GEO & AI Search · Glossary · Updated Apr 2026

Vector search

Definition

Vector search is retrieval by similarity in a high-dimensional embedding space, typically using cosine similarity or dot product. It returns semantically related documents even when no keywords match — the retrieval layer beneath most RAG pipelines and modern semantic search products.

Find related

Long definition

Classic keyword search ranks documents by how their lexical terms match a query, weighted by frequency and rarity (TF-IDF, BM25). Vector search does something different: it represents both the query and every document as a vector (an embedding) in the same semantic space, then returns the documents whose vectors sit closest to the query vector.

The closeness measure is almost always one of:

  • Cosine similarity — angle between vectors, ignoring magnitude. Default for most embedding models.
  • Dot product — cosine times magnitudes. Equivalent to cosine on normalized vectors and faster to compute.
  • Euclidean (L2) distance — straight-line distance. Used in some legacy vector setups; less common for normalized embeddings.

The advantage is semantic. Query "low-impact running shoes for flat feet" and a document titled "stability trainers for fallen arches" will rank highly even though the lexical overlap is minimal. The disadvantage is the inverse: exact-match queries (product codes, error messages, proper nouns the model has never seen) underperform. Production systems almost always run hybrid retrieval — BM25 plus vector — and merge the two with a re-ranker.

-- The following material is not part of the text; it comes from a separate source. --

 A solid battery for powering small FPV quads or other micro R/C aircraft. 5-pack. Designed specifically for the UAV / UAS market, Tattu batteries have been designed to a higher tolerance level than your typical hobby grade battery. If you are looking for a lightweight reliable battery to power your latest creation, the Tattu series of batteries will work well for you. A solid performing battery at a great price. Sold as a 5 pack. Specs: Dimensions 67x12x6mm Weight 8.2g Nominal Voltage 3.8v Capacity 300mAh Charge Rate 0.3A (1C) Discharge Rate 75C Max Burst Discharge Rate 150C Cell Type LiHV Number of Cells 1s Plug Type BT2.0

The tooling landscape splits four ways:

  • Embedded in the database: pgvector extension for Postgres, native vector types in MongoDB, Elasticsearch, Redis, and Cassandra. Cheapest path when you already run the DB.
  • Managed pure vector services: Pinecone, Weaviate Cloud, Qdrant Cloud, Vespa Cloud. Optimized for scale; integrate with most RAG frameworks out of the box.
  • Self-hosted vector engines: Qdrant, Weaviate, Milvus, Vespa, FAISS as a library. Full control, ops cost.
  • Hybrid search platforms: Typesense, Meilisearch, OpenSearch — keyword-first systems that added vector search.

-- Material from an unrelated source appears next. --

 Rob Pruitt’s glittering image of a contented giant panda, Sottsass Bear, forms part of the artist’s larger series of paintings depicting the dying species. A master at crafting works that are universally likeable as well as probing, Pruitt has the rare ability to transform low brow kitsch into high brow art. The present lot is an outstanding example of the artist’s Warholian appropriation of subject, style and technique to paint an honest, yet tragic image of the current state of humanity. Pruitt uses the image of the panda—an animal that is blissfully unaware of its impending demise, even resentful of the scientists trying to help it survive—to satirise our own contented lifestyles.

For RAG, vector search is the retrieval step before the generation step. The LLM never sees your full corpus; it sees the top-k documents the vector search returned. Quality of retrieval caps quality of the answer — a hallucinating model often started with a bad top-k.

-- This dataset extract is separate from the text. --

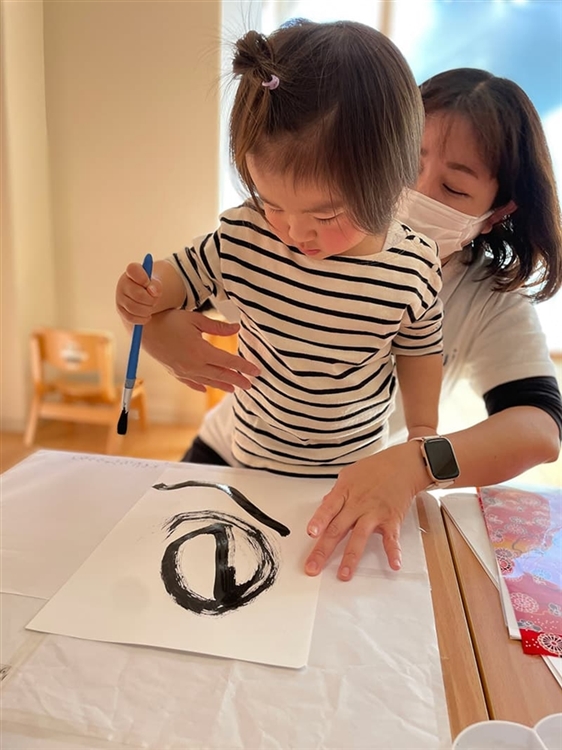 「書き初め」初挑戦の1歳児と2歳児! がんばったね♪

Practical scaling note: under 1M documents, almost any tool works. Above 100M, indexing strategy (HNSW vs IVF, quantization, sharding) starts to matter, and the choice between Pinecone-class managed services and self-hosted Qdrant or Vespa becomes load-bearing.

Common misconceptions

  • "Vector search replaces keyword search." It doesn't. Hybrid retrieval (BM25 + vector + re-ranker) consistently outperforms pure vector search on real query distributions, especially for rare terms, codes, and proper nouns.
  • "All vector databases are equivalent." They aren't. pgvector at 1M docs and Pinecone at 1M docs are similar; pgvector at 100M docs without good HNSW tuning is not. Pick by scale and ops profile.
  • "Vector search is fuzzy keyword search." Different mechanism. Fuzzy keyword tolerates typos in lexical match. Vector search retrieves on meaning regardless of typing — "Maria's recipe for paella" can return a document titled "traditional Valencian rice dish" with no lexical overlap.
  • "You only need vector search for RAG." RAG is the headline use case but not the only one. Internal site search, product recommendations, duplicate detection, content clustering, and content-gap analysis all run on the same primitive.